The IMF could bail out Italy with up to 600 billion euros ($794 billion), an Italian newspaper reported on Sunday, as Prime Minister Mario Monti came under pressure to speed up anti-crisis measures.Of course, that's not a cast-iron promise, but it's a good start.
The last thing humanity wants is for growth to stop. As I penned a few days ago, what we're all longing for is nonstop growth of economic activity into all aspects of our lives, without exception. Reading my heartfelt plea, the wise folk at the IMF stepped up to the plate, and promised to Do What They Can.
A trustworthy source at the IMF I'm not permitted to name, said:
These are troubled times, Toby. After reading your words we realised action had to be taken. We hastily met in a meeting room designed for these sorts of things, and put it out to our friends in the press that there was money to be loaned after all. It sure as hell looks that way. What with digibits being as cheap as dirt, and zeros cheaper still, we felt the least we could do was sink Italy further into debt. There's nothing like the cold hand of fear to get things moving, I've found.Asian markets surged higher with relief, Europe has nosed upwards with the glimmering vigour of a rambunctious dolphin, and the US is expected to be giddily euphoric now that fair Europa is flush with cash once more. Even I, old man that I am, have a new spring in my stride and am waxing lyrical again. Oh, happy day.
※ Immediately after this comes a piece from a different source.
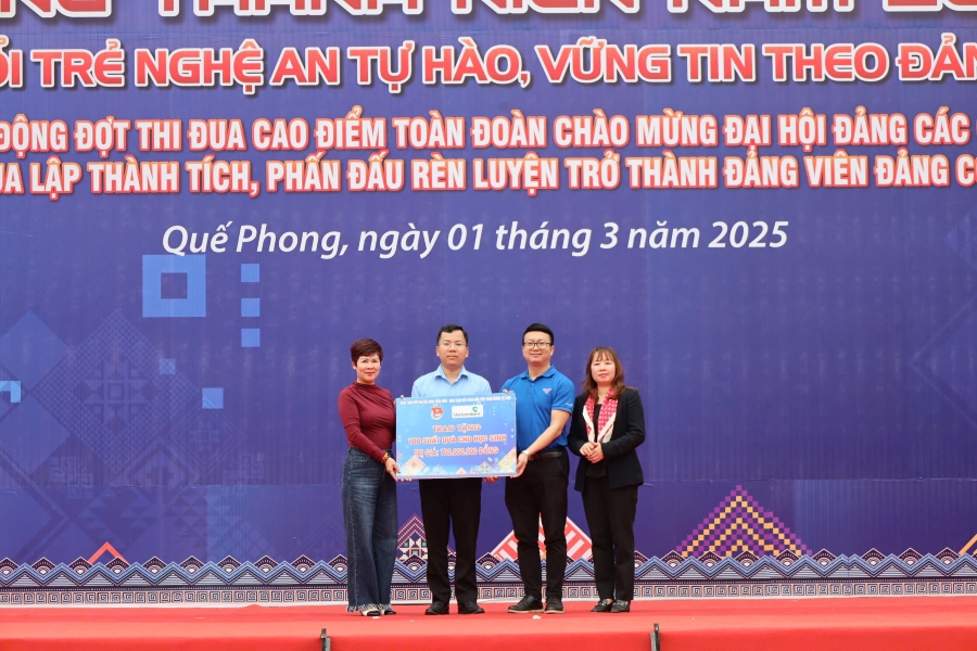 Tại chương trình, Ban tổ chức đã ra mắt các đội hình “Bình dân học vụ số" và công bố bộ nhận diện “Đoàn viên số”. Bên cạnh đó, các đơn vị tổ chức đã đồng thời trao biển hỗ trợ xây dưng nhà, hỗ trợ xây dựng các mô hình phát triển kinh tế, trao tặng nhu yếu phẩm, tivi, máy tính,… với tổng giá trị tài trợ lên đến 1,1 tỷ đồng. Trong đó, Đoàn Thanh niên Vietcombank đã tham gia tài trợ 100 suất học bổng “Vững tương lai” cho các em học sinh, sinh viên tại địa bàn huyện Quế Phong với tổng trị giá là 100 triệu đồng.

I don't expect thanks, because I'm very humble. A quiet life is all I ask for. With a little luck and a wisp of magic we'll all get what exactly we want very soon. Christmas is coming!
(You heard it here first.)
UPDATE (15:45 CET): IMF "very angry" with Econosophy, trusted source tells Toby to watch his dirty little mouth, and not to call her anymore. This just in:
Stock markets boosted by rumours of bailout deal for Italy, though IMF denies reports of aid package proposalNevertheless, the markets are aiming for the moon, riding the creosote fumes like the drunken old pros they truly are.